# DATASET CONTENT:

╭──

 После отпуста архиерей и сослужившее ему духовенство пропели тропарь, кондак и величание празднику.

╰──
╭──

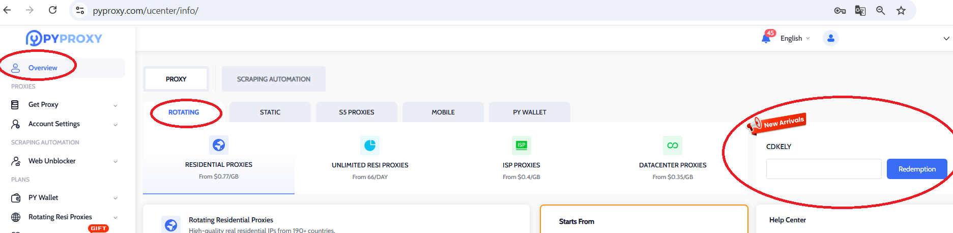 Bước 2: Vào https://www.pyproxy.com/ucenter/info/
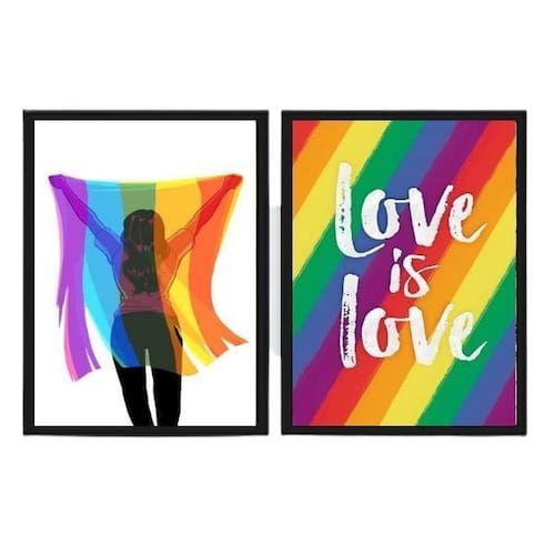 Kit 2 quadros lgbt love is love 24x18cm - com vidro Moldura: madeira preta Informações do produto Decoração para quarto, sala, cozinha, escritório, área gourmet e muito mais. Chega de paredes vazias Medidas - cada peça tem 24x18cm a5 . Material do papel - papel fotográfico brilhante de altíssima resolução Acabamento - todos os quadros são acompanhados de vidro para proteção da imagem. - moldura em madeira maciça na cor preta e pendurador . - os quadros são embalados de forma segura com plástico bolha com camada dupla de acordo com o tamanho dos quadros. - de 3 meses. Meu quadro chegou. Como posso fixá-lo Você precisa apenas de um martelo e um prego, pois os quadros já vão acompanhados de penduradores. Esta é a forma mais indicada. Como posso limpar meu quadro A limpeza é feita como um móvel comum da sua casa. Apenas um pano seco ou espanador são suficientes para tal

╰──
╭──

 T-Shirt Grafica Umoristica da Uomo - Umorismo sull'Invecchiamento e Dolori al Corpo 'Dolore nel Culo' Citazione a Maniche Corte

╰──

Find the line with "Bước 2: Vào" and the line with "Kit 2 quadros" in the records above. Copy both and all lines between them exactly, without pictures.

 Bước 2: Vào https://www.pyproxy.com/ucenter/info/
 Kit 2 quadros lgbt love is love 24x18cm - com vidro Moldura: madeira preta Informações do produto Decoração para quarto, sala, cozinha, escritório, área gourmet e muito mais. Chega de paredes vazias Medidas - cada peça tem 24x18cm a5 . Material do papel - papel fotográfico brilhante de altíssima resolução Acabamento - todos os quadros são acompanhados de vidro para proteção da imagem. - moldura em madeira maciça na cor preta e pendurador . - os quadros são embalados de forma segura com plástico bolha com camada dupla de acordo com o tamanho dos quadros. - de 3 meses. Meu quadro chegou. Como posso fixá-lo Você precisa apenas de um martelo e um prego, pois os quadros já vão acompanhados de penduradores. Esta é a forma mais indicada. Como posso limpar meu quadro A limpeza é feita como um móvel comum da sua casa. Apenas um pano seco ou espanador são suficientes para tal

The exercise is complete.